Operations on server certificate CA

Certificate issuing module

I. experiment environment

1. IP address of the Certificate Server

2. IP address of the Web server

3. Client IP Address

4. access the Web site from the client

Ii. Web server certificate application a) first trust CA

1. Select to download the CA certificate/certificate chain or CRL

2. Click to continue downloading the certificate or certificate chain and save it.

3. Open mmc to add a certificate and select a computer account

4. Select a trusted root certificate authority.

5. Right-click to import the certificate

6. Select a file

7. Next Step and complete

B) apply for a certificate 1. Select Apply for a certificate

2. select Advanced Certificate Application

3. Create and submit an application to this CA

4. Click Yes and then complete

5. Make sure that the key is exported and the server authentication certificate is used.

6. Apply for a certificate on the Certificate Server

7. Open a browser on the Web server to view the application status of the suspended certificate.

8. Click to view the pending Certificate Application Status

9. Click Yes and then click Install this certificate

10. After installation, export the certificate. You can find the certificate in the browser and export it.

11. Find and export

12. Mark the export private key

13. Next Step

14. Enter the security key for next step

15. Next, select the saved location and complete the export.

16. Open mmc to add a certificate module and select a computer account

17. Find the personal -- certificate, right-click Import, and click Next.

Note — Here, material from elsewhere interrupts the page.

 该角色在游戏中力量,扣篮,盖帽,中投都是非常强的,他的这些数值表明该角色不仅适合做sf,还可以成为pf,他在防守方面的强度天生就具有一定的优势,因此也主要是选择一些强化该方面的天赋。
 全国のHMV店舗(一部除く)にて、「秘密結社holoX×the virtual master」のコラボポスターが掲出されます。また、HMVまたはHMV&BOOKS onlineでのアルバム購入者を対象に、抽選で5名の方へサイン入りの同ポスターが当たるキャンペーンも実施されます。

18. Select all files and then select the exported Certificate file

19. Enter the previous key and complete the import (we recommend that you mark this key as an exported key)

20. Final Completion

C) Certificate Application II. 1. Select Server Certificate

2. Fill in relevant attributes

3. Note that the common name is the URL that requires client connection (so it must be filled in correctly)

4. Retain the default value

5. Select and complete the path.

6. Open a browser to apply for a certificate

7. Select Apply for Certificate

8. select Advanced Certificate Application

9. Select the second one.

10. Find the content in the copy of the file you just applied to save.

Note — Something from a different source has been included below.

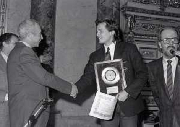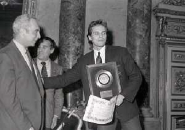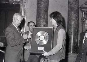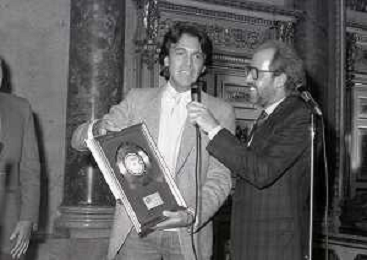 NEG-MILANO 1982 CIRCOLO DELLA STAMPA CONSEGNA DISCO D'ORO NELLA FOTO MIGUEL BOSE' AG ALDO LIVERANI SAS

11. paste and save the application

12. Open a browser to view the Certificate Application Status

13. Download and save

14. Open IIs to complete Certificate Application

15. Select the file you just downloaded.

16. Select website binding

17. Bind https

18. After binding, access through https on the client

19. But the access can be continued, but it is not recommended

The reason for identity authentication is that anonymous access is disabled, but access is allowed. 3. Apply for a certificate for the client. a) Ask the client to trust CA1. choose to download the CA certificate/certificate chain or CRL.

2. Select Download Certificate

3. Save

4. Enable mmc to add a certificate and select a computer account.

5. Find the Trusted Root Certificate Authority, click the certificate, and click all tasks on the right to import

6. Select the downloaded CA certificate and complete the import.

7. Complete

8. After installation, Use https to access the website

B) Client installation certificate 1. Apply for a client certificate through a browser on the client

2. Select Apply for Certificate

3. select Advanced Certificate

4. Select create and submit an application to this CA

Be sure to mark the key as exported

5. Submission completed

6. Issue the client application certificate on the CA Server

7. Check the Client ID card application on the client.

8. Install the certificate

9. Export the certificate

10. It is necessary to export the Private Key

11. Keep the default value

12. Enter the Security Key

13. Save path

14. Open mmc and add the certificate module to your computer account. Then find the individual under the certificate and right-click all tasks to import

15. Select a certificate file

16. Enter the key for next step

17. Final Completion

18. Finally, the client verifies https access through a browser.